» **ASSIGNMENT**: The listing below is to be written out word for word, minus its images.

» **SUPPLIED INFORMATION**:

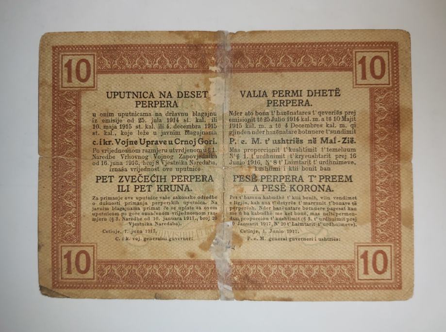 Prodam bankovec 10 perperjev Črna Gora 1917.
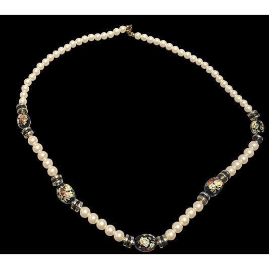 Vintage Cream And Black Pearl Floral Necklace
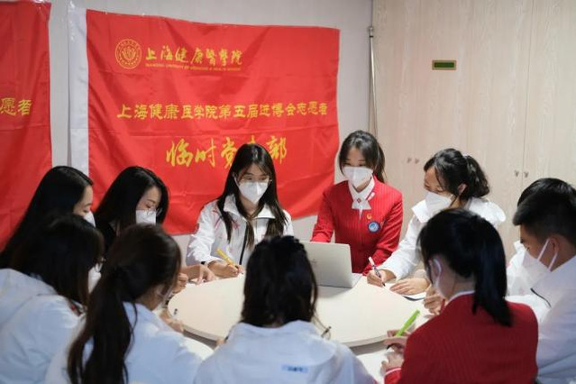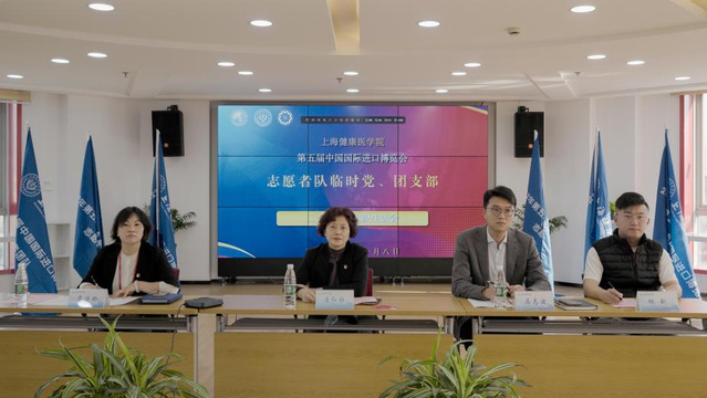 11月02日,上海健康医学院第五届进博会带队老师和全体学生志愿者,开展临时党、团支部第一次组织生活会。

» **ANSWER SECTION**:
 Prodam bankovec 10 perperjev Črna Gora 1917.
 Vintage Cream And Black Pearl Floral Necklace
 11月02日,上海健康医学院第五届进博会带队老师和全体学生志愿者,开展临时党、团支部第一次组织生活会。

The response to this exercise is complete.